Matthew 4:1-2, Jesus Fasts

Then was Jesus led up of the Spirit into the wilderness to be tempted of the devil. And when he had fasted forty days and forty nights, he was afterward an hungred.

//According to Matthew, Mark, and Luke, immediately after his baptism by John, Jesus heads off into the desert to be “tempted by the devil” for forty days. This contradicts the Gospel of John, which reports that Jesus came back to the Jordan River the very next day, but let’s not get bogged down in details.

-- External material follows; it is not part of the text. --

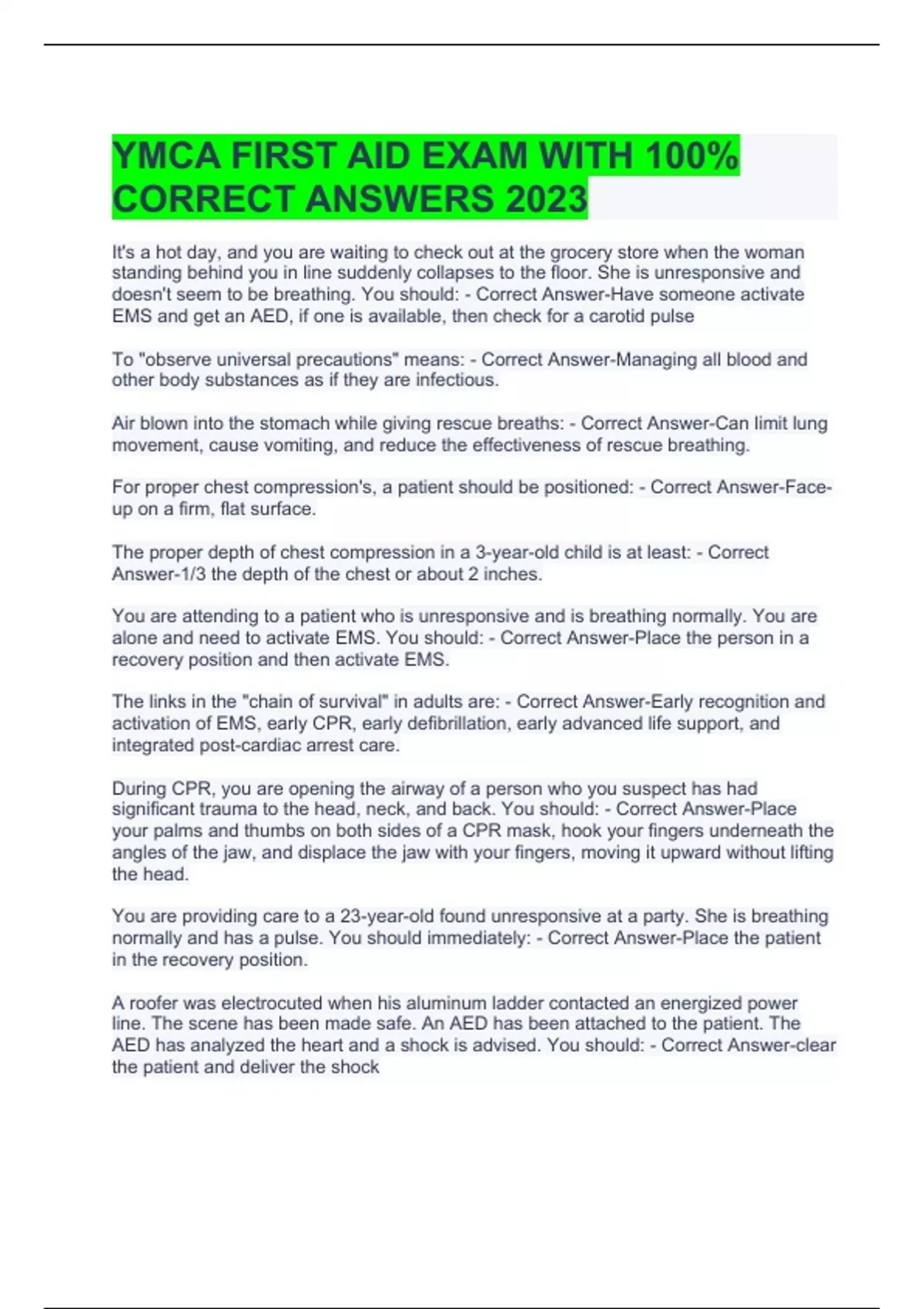 YMCA FIRST AID EXAM WITH 100% CORRECT ANSWERS 2023

What I find interesting is not whether Jesus fasted for one day or forty, but why he decided to fast at all. Apparently, according to Matthew, Satan wouldn’t or couldn’t show up until Jesus is delirious in his hunger. But once Jesus is properly prepared, Satan makes his entrance and tempts Jesus, first suggesting Jesus change some rocks into food. Then Satan tempts Jesus with fame and kingship over the earth, which Jesus refuses (so much for the book of Revelation). 

Luke flavors his story a little differently, suggesting that Satan tempted Jesus throughout the forty days. Only Matthew and Luke tell how Jesus was tempted (Mark simply reports without elaboration that Jesus was tempted by Satan), but somehow, their stories of the temptation are similar.

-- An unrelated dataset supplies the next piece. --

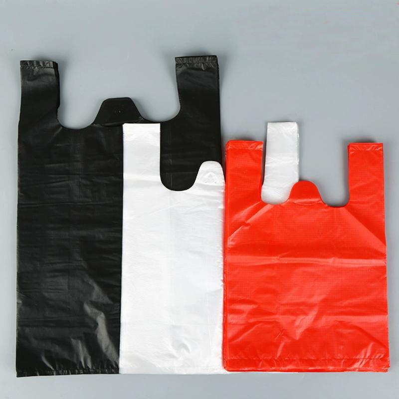 ถุงช้อปปิ้งแบบเสื้อยืดสีดำ ผลิตจากพลาสติกรีไซเคิล PE ใช้แล้วทิ้ง ขนาดตามสั่ง สำหรับซูเปอร์มาร์เก็ต งานแสดงสินค้า ร้านขายของชำ และร้านค้าปลีก
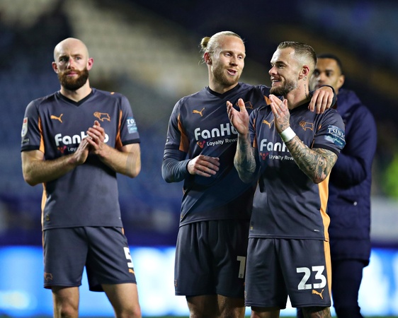 Lars-Jorgen Salvesen of Derby County and Craig Forsyth of Derby County celebrate after the Sky Bet Championship match Sheffield Wednesday vs Derby County at Hillsborough, Sheffield, United Kingdom, 15th December 2025, Credit:Sam Eaden/News Images / Avalon

Did this desert experience really happen? Was it a fast-induced hallucination? Or a series of temptations Jesus struggled with throughout his ministry, such as the time the people wanted to raise him as their king, and which Gospel writers creatively turned into one temptation experience?

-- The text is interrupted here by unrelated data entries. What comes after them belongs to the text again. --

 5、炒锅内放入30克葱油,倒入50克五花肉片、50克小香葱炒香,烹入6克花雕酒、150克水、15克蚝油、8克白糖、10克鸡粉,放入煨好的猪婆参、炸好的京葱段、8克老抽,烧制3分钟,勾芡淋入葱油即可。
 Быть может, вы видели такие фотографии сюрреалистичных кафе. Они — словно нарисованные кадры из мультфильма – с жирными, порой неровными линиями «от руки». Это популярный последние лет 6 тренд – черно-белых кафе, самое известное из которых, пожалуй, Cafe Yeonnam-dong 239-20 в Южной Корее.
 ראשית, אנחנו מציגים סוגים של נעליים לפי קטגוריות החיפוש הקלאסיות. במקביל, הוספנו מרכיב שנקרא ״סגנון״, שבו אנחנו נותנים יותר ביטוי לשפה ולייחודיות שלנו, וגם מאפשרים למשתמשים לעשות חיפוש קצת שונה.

I’d be curious to hear opinions.

1 Comment

  1. “Apparently, according to Matthew, Satan wouldn’t or couldn’t show up until Jesus is delirious in his hunger”

    I’m not sure about that. I read it as Jesus requiring the fast to have the strength to deny Satan. Satan’s temptations were always there, and in order to defeat them thoroughly and gain mastery over his own desires and values, Jesus needed to fast for 40(?) days. So, it’s not that Satan was waiting out there for Jesus in the Wilderness, it’s that the way of overcoming him was waiting out there.

    This matches the experience that many people describe when they fast: they gain mental accuity, strength of conviction, and spiritual and mental discipline.

    I haven’t fasted much, but when I have, I’ve also noticed these things. I was generally more peaceful and gracious to people. I remember one time when a motorist rudely and abruptly cut me off, and I effortlessly remained calm and took it in my stride, and said to myself “that’s ok, it’s not the end of the world”. That’s when I knew the fast was doing something, because I normally would have beeped the crap out of him and spent the next 2 minutes swearing to myself.